Consumo de água da AL e Caribe depende da proteção das florestas, alerta FAO


Quinta-feira, 24 de março de 2016 às 12h42


Região concentra 23,4% de todas as áreas florestais do mundo. Embora desmatamento tenha diminuído, média regional de destruição das matas permanece acima de nível global. Florestas são essenciais para sustentar ciclos hídricos da América Latina e Caribe, onde o ritmo de consumo da água duplicou nos últimos 30 ano

ONU Brasil

Nesta segunda-feira (21), Dia Internacional das Florestas e da Árvore, a Organização das Nações Unidas para Alimentação e Agricultura (FAO) chamou atenção para a situação da América Latina e do Caribe, onde estão localizadas 23,4% de todas as áreas florestais do mundo. A região também concentra 29% do volume global de precipitações.

“A água e as florestas estão inteiramente ligadas”, explicou o representante da Unidade Florestal da agência da ONU, Jorge Meza. “As árvores filtram a água, aumentam os níveis de umidade no ar e a incorporam mais profundamente na terra.”

 

Mudanças climáticas ameaçam a Amazônia e, consequentemente, disponibilidade de recursos hídricos para países da região.
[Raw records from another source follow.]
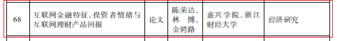 我院陈荣达教授申报的《互联网金融特征、投资者情绪与互联网理财产品回报》(《经济研究》2019年第7期)获得基础理论研究优秀成果奖二等奖。
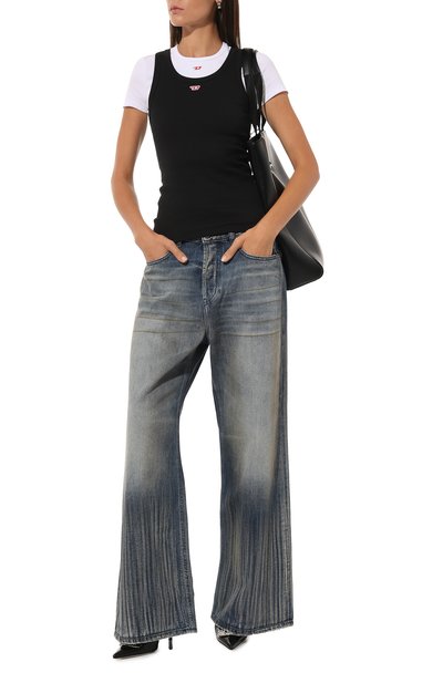 Широкие джинсы с защипами спереди выбелили и декорировали заломами и потертостями, чтобы придать сходство с винтажной одеждой. Брюки из денима с добавлением лиоцелла наши стилисты предлагают носить с кроп-топом, парной рубашкой и туфлями.
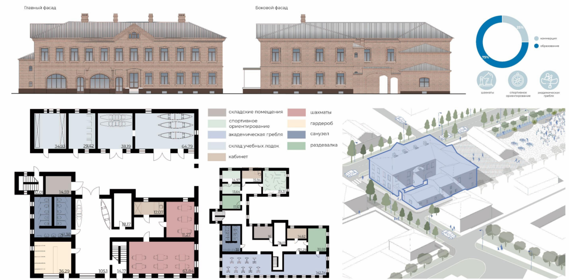 - В доме по адресу ул. Карла Маркса, 33 в настоящее время расположена Новоладожская детская школа искусств. В перспективе предлагается перенести школу в здание по адресу проспект Карла Маркса, 34, а в доме 33 обустроить детскую спортивную школу. Основные предлагаемые секции – академическая гребля и спортивное ориентирование (рис. 10).
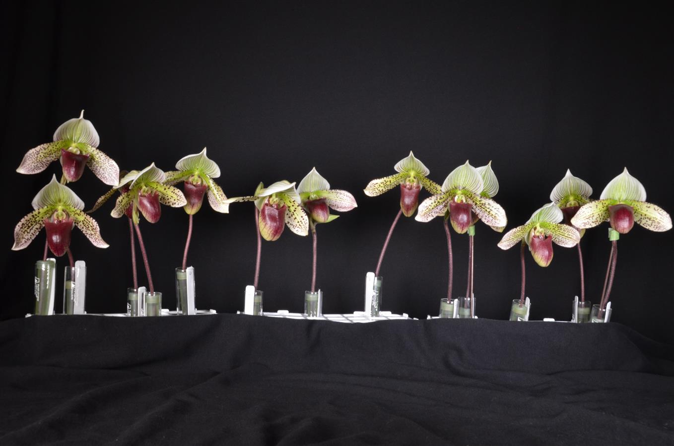 In this location we are able to specialize in intermediate temperature orchids. Our daily highs in summer are about 85 degrees with a 20 degree drop at night. in winter our highs are around 75 and 60 at night. These conditions allow us to specialize in our favorite orchids, Paphiopedilums, Phragmipediums, Angraecums and Lycaste.

Foto: Flickr (CC) / Dams999

Mudanças climáticas ameaçam a Amazônia e, consequentemente, disponibilidade de recursos hídricos para países da região. Foto: Flickr (CC) / Dams999

 

Em 2016, as comemorações do Dia Internacional tiveram como tema a relação entre as matas e os ciclos hídricos.

Segundo a FAO, em âmbito mundial, as bacias hidrográficas e as zonas úmidas florestais fornecem até 75% dos recursos de água doce. Um exemplo significativo é a bacia do Rio de la Plata: mais de 70% da pluviometria da região vem da evaporação e transpiração da selva amazônica.
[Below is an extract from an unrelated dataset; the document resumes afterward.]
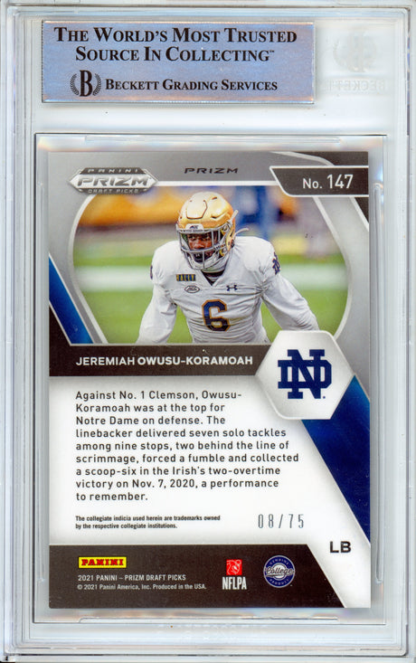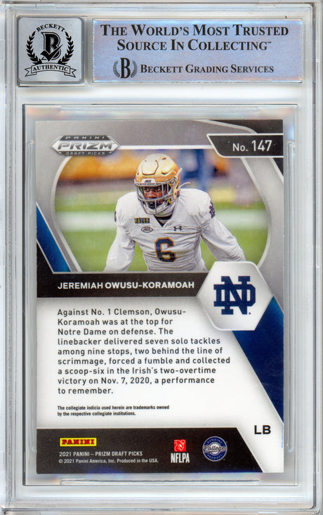 2020 Panini Prizm Draft #147 Jeremiah Owusu-Koramoah RC Notre Dame BGS Auto 10

A Organização destacou também outras contribuições positivas das florestas para os ecossistemas. As matas podem reduzir os efeitos das inundações, além de prevenir e reduzir a salinidade das terras áridas e a desertificação.

A seca é um dos sintomas mais negativos das mudanças climáticas em curso no planeta. Graças à sua capacidade de armazenar água, as árvores e os bosques podem fortalecer a resiliência dos povos em relação a estiagens.
Desmatamento diminuiu na América Latina e no Caribe, mas perdas anuais de território florestal continuam acima da média mundial

A FAO alertou os países da América Latina e do Caribe para os riscos do desmatamento. Para a agência da ONU, o manejo florestal responsável é uma ferramenta importante para melhorar a quantidade e a qualidade da água disponível para o uso humano.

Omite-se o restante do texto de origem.